Nitric oxide (NO) is known to exert inhibitory control on mitochondrial respiration in the heart and brain. Evidence supports the presence of NOS in the mitochondria (mtNOS) of cells, however, the functional role of mtNOS in the regulation of mitochondrial respiration is unclear.
Our objective was to examine the effect of NOS inhibitors on mitochondrial respiration and protein S-nitrosylation. Freshly isolated cardiac and brain non-synaptosomal mitochondria were incubated with selective inhibitors of neuronal (nNOS; ARL-17477, 1µmol/L) or endothelial (eNOS; N5-(1-iminoethyl)-L-ornithine, NIO, 1µmol/L) NOS isoforms. Mitochondrial respiratory parameters were calculated from the oxygen consumption rates (OCR) measured using Agilent Seahorse XFe24 analyzer. Expression of NOS isoforms in the mitochondria was confirmed by immunoprecipitation and western blotting. In addition, we determined the protein S-nitrosylation by biotin-switch method followed by immunoblotting.
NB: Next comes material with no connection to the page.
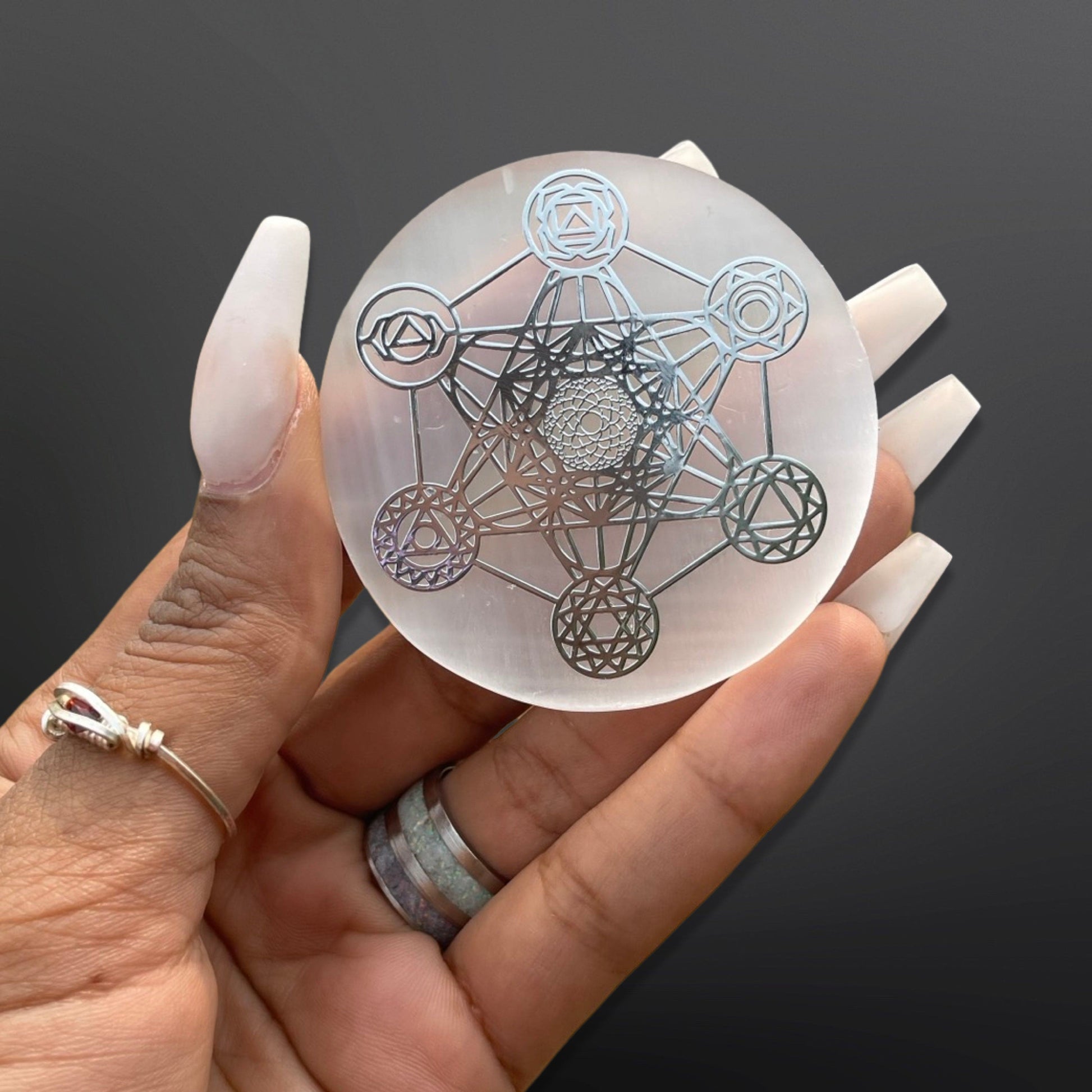 Add an elegant, organic touch to your home decor with the Engraved Selenite Plates. Crafted from laser engraved selenite and decorated with silver and gold decals, these beautiful plates measure 2.4 inches for the perfect decorative accent.

nNOS inhibitor decreased the state IIIu respiration in cardiac mitochondria and both state III and state IIIu respiration in brain mitochondria. In contrast, eNOS inhibitor had no affect on the respiration in the mitochondria from both heart and brain. Interestingly, NOS inhibitors reduced the levels of protein S-nitrosylation only in brain mitochondria but nNOS and eNOS immunoreactivity was observed in the cardiac and brain mitochondrial lysates. Thus, the effects of NOS inhibitors on S-nitrosylation of mitochondrial proteins and mitochondrial respiration confirm the existence of functionally active NOS isoforms in the mitochondria. Notably, our study presents first evidence of positive regulation of mitochondrial respiration by mitochondrial nNOS contrary to the current dogma representing inhibitory role attributed to NOS isoforms.